Amen, well-informed hobo. Amen.

Thursday, February 21, 2013

If we were a hospital, they'd have shut us down a week ago

OK. I get it. We're not doing brain surgery here.

But 10 days and counting with no hot water in the rest rooms? That ain't exactly a recipe for health.

We may not be at CONTAGION levels quite yet, but I did see a dude today who I thought just had hairy hands, but on closer inspection, the hair looked a little green and I thought, "that might just be a fungus crust."

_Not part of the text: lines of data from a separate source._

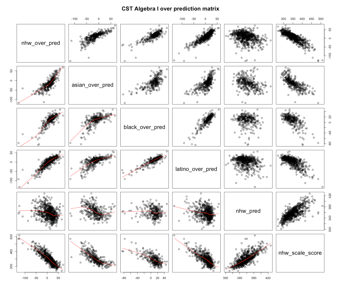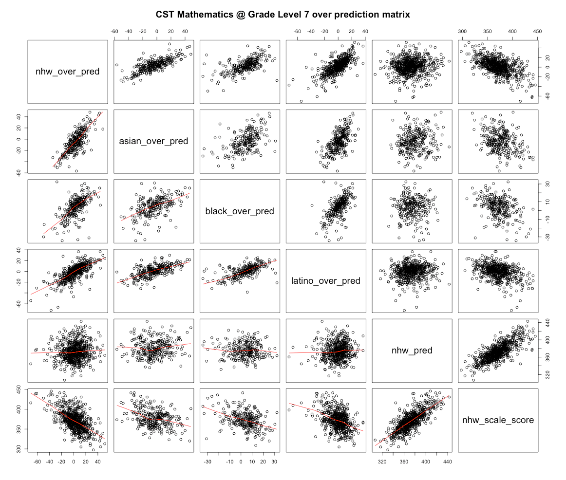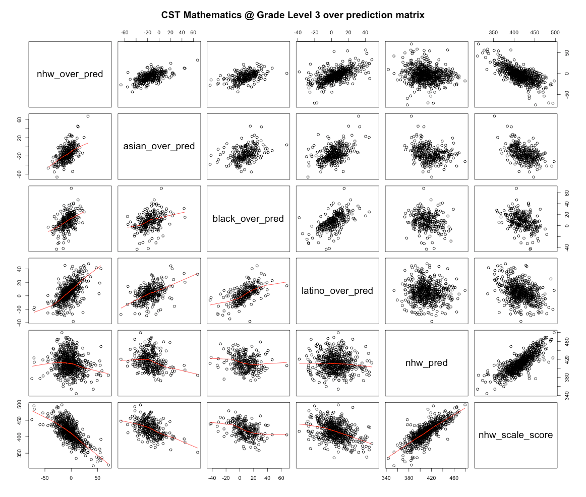 If we try to predict each groups scores by school district based on race/ethnicity and SES indicators with a simple linear model we can roughly approximate the patterns we find. However, if you look at each group separately you’ll notice that groups that perform better overall tend to be out perform as they move towards to the right.
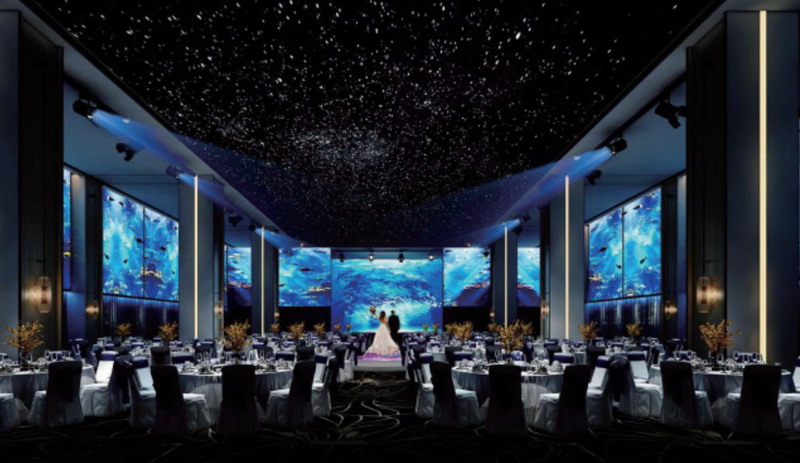 在某酒店的全息宴會廳,長虹工程激光投影讓宴會廳的墻壁可以根據(jù)宴會主題切換裝飾場景,流光溢彩,光影燦然。這樣,不僅可以更靈活地滿足顧客對宴會氛圍的需求,還能為顧客節(jié)省布置成本,讓酒店吸引更多的顧客預定使用。
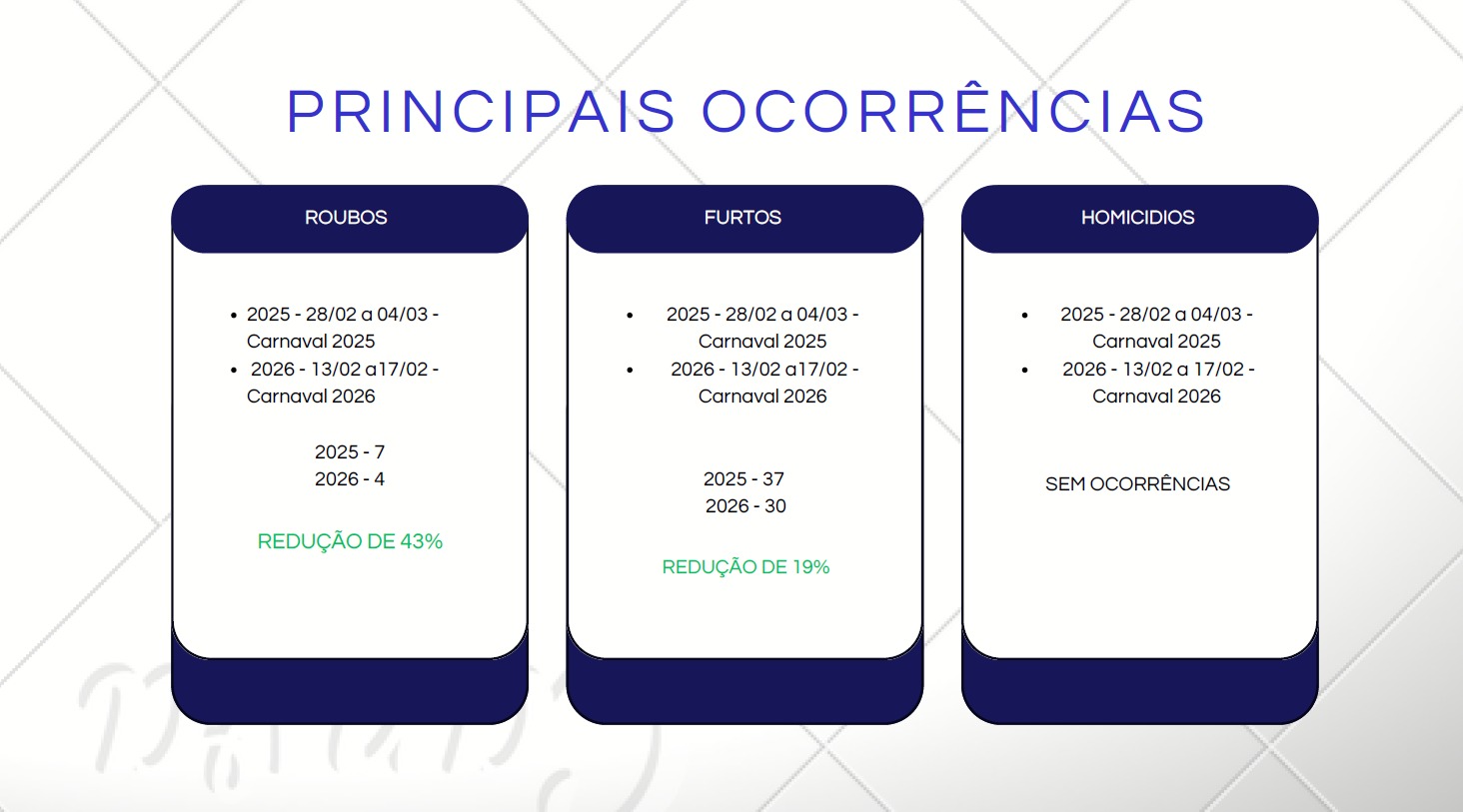 De acordo com os dados apresentados, houve redução de 43% nos casos de roubo em comparação com o Carnaval de 2025, caindo de 7 para 4 ocorrências. Os furtos também apresentaram queda de 19%, passando de 37 registros no ano anterior para 30 em 2026. Um dos destaques do relatório é a ausência de homicídios durante o período da operação.
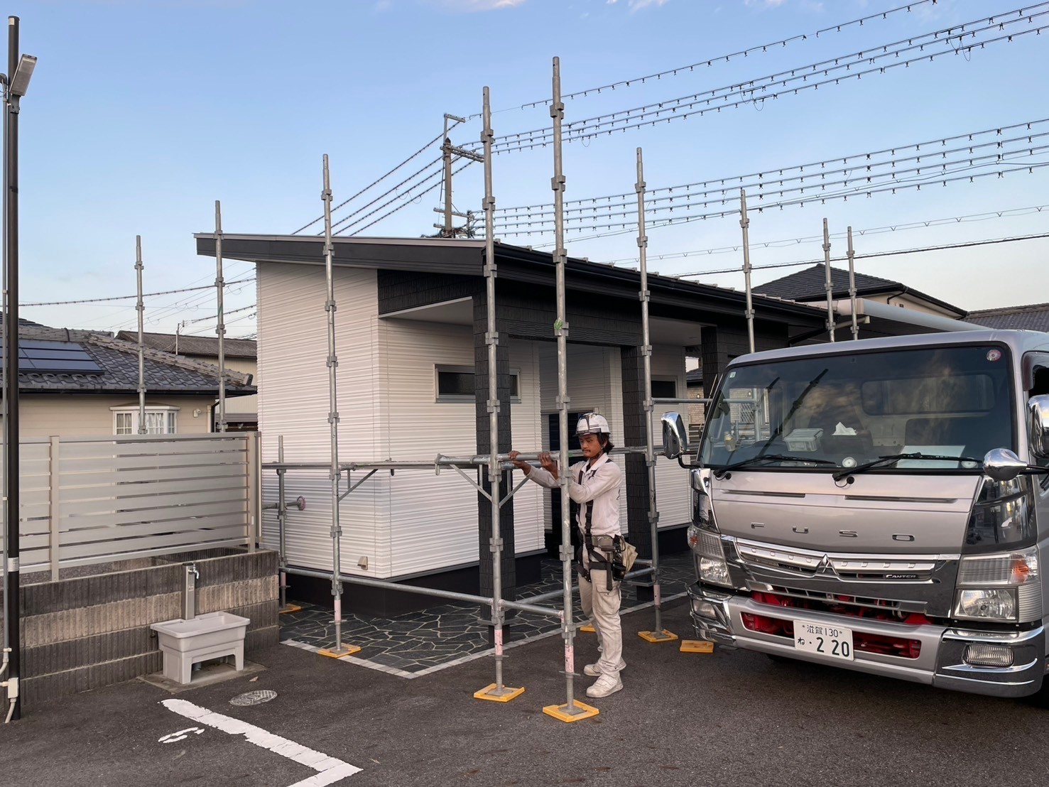 今日は、地元の八幡西中学校の生徒が5名、11月6日、7日、8日とアイホームに職場体験に来るにあたり作業場とトイレの塗装工事の体験をして頂く予定なので先に足場を組立てました。3日間なので先に作業しにくい箇所を工事しておこうと思います。楽しみです^^ワクワクします^^またアップします。
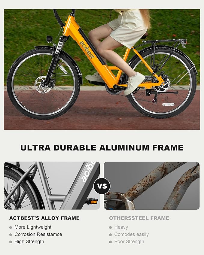- 【Strong 1200W Motor for Any Terrain】Actbest Cores electric bike features a powerful Peak 1200W motor, reaching speeds up to 28MPH. With 60N.M torque, it conquers 30° inclines effortlessly, providing smooth performance on rugged or steep terrain. Whether for commutes or extreme trails, this e-bike delivers power and precision
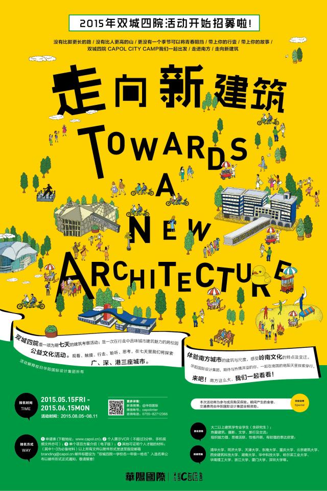 2015年,“双城四院”活动已迈入它的第八个年头,“双城”的内涵向更为广阔的南方城市延伸,“四院”的范围也从同济大学、天津大学、zero搬运网 、重庆大学,扩展至清华大学、湖南大学、华中科技大学、华南理工大学、浙江大学、西安建筑科技大学、深圳大学、南加州大学、佛吉尼亚大学等国内外高校。
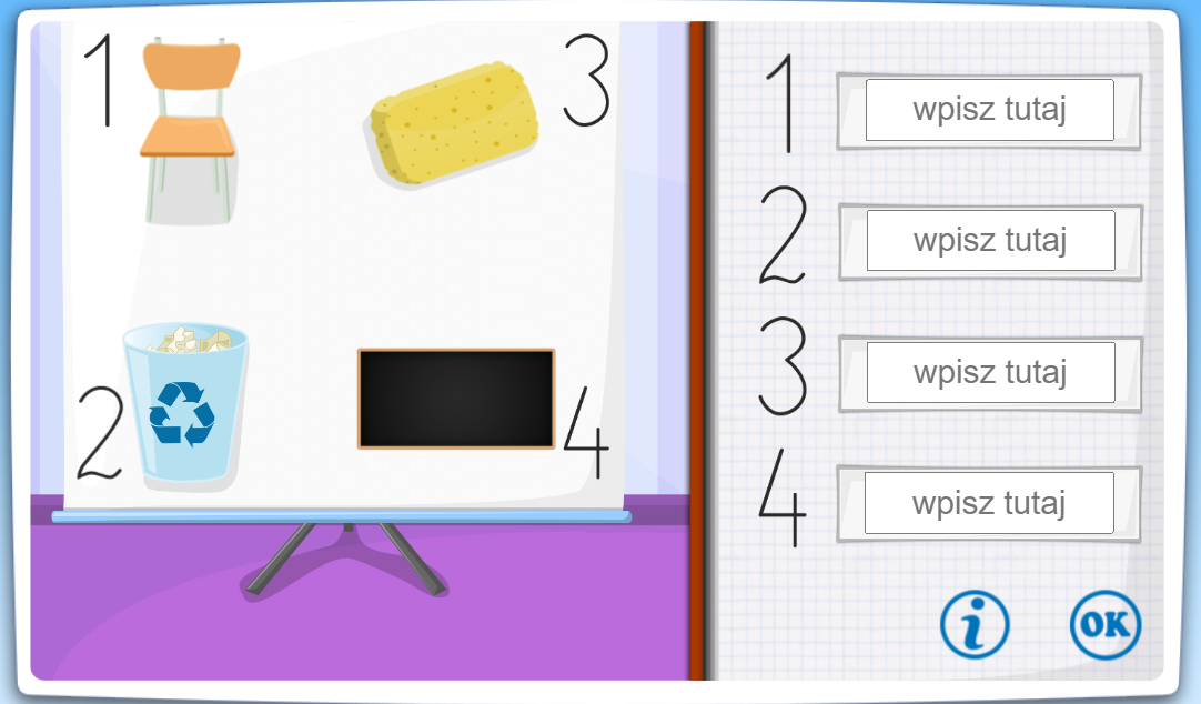 Places in school: ćwiczenia interaktywne dotyczące słownictwa opisującego miejsca w szkole po angielsku są dedykowane najmłodszym uczniom. Wspierają naukę wyrażeń związanych z szkołą, prezentując materiał w sposób dostosowany do ich poziomu zrozumienia. Mali uczniowie z przyjemnością odkrywają tajniki języka angielskiego, co sprawia, że nauka staje się fascynującą podróżą do świata nowych słów i umiejętności.
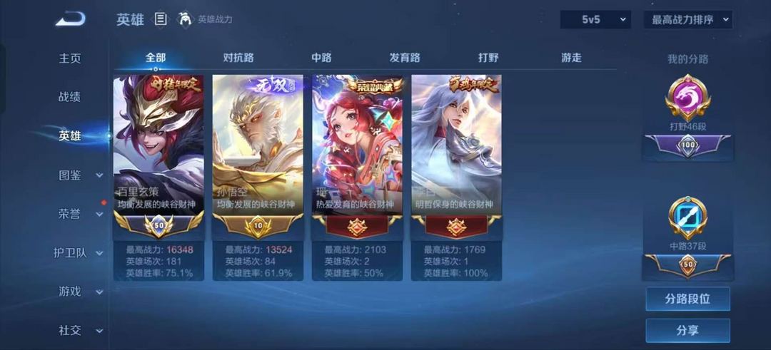 (高危禁排位)4月正式服在榜小国标玄策⭐省十孙悟空⭐巅峰千强打野路⭐白虎志限定⭐超多省级限定皮肤⭐
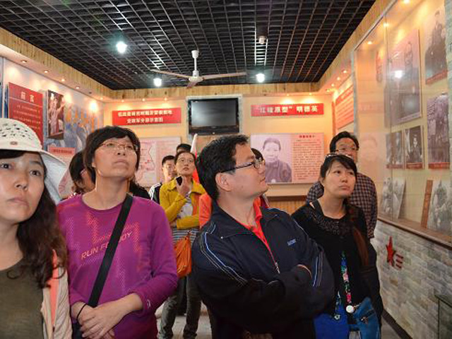 在导游的讲解中,党员们深情重温了“红嫂”可歌可泣的事迹:在战火纷飞的年代,“沂蒙红嫂”送子送郎上前线,用乳汁救护伤病员,舍弃亲骨肉,养育革命后代,摊煎饼、做军鞋,用柔弱的肩膀与男人们共同撑起了革命战争的胜利。
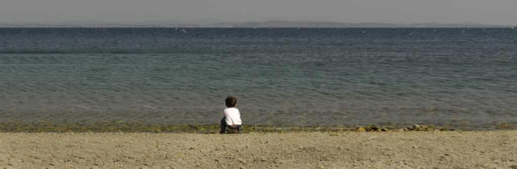 Young Syrian boy on beach next to camp
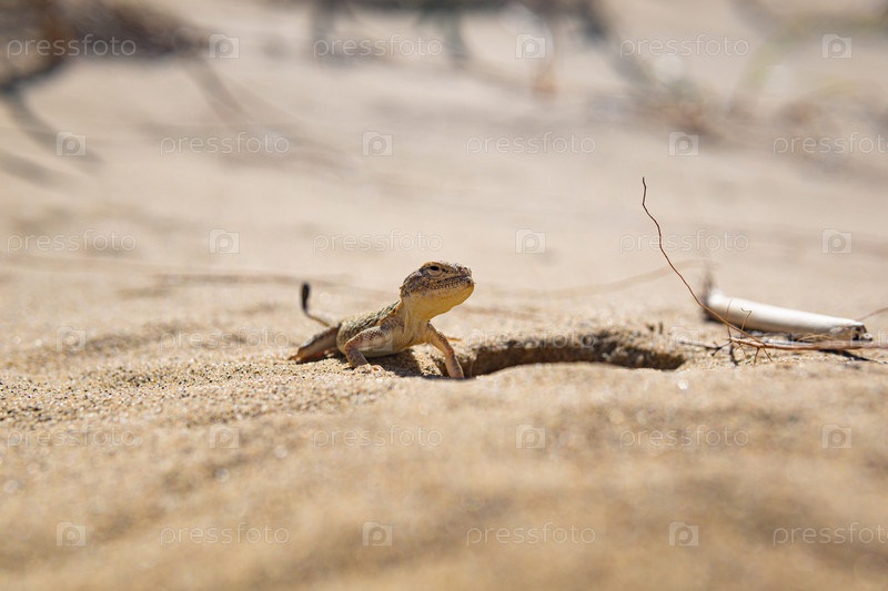 Портрет пустынной ящерицы секретной жабоголовой агамы возле ее норы

Apparently the only water heater IN AMERICA that can supply this fine facility with hot water is still making its way here from Tennessee.

In the meantime, I urge you to completely wrap your hands in seat covers before conducting ANY business (yes, even business of a #1 variety.) The life you save could be your own.

wrapyohand

Tuesday, February 12, 2013

Good morning, norovirus!

The first all-agency email of the day?

good morning.
hot water is off in all the bathroom sinks at 720.   kitchens and shower are still good to go.
we should be back online as early as tomorrow.
sorry for any inconvenience.

Yeah, hot water in the bathroom probably isn't all that important, is it? And directing people to rinse the urine and fecal residue off in the kitchen sink, a mere inches away from the surface where you'll be slathering up that peanut butter sandwich? That seems like a wonderful idea!

I've missed this level of hygiene.

Today, potty blogger will be washing his hands in the e-level shower, friends.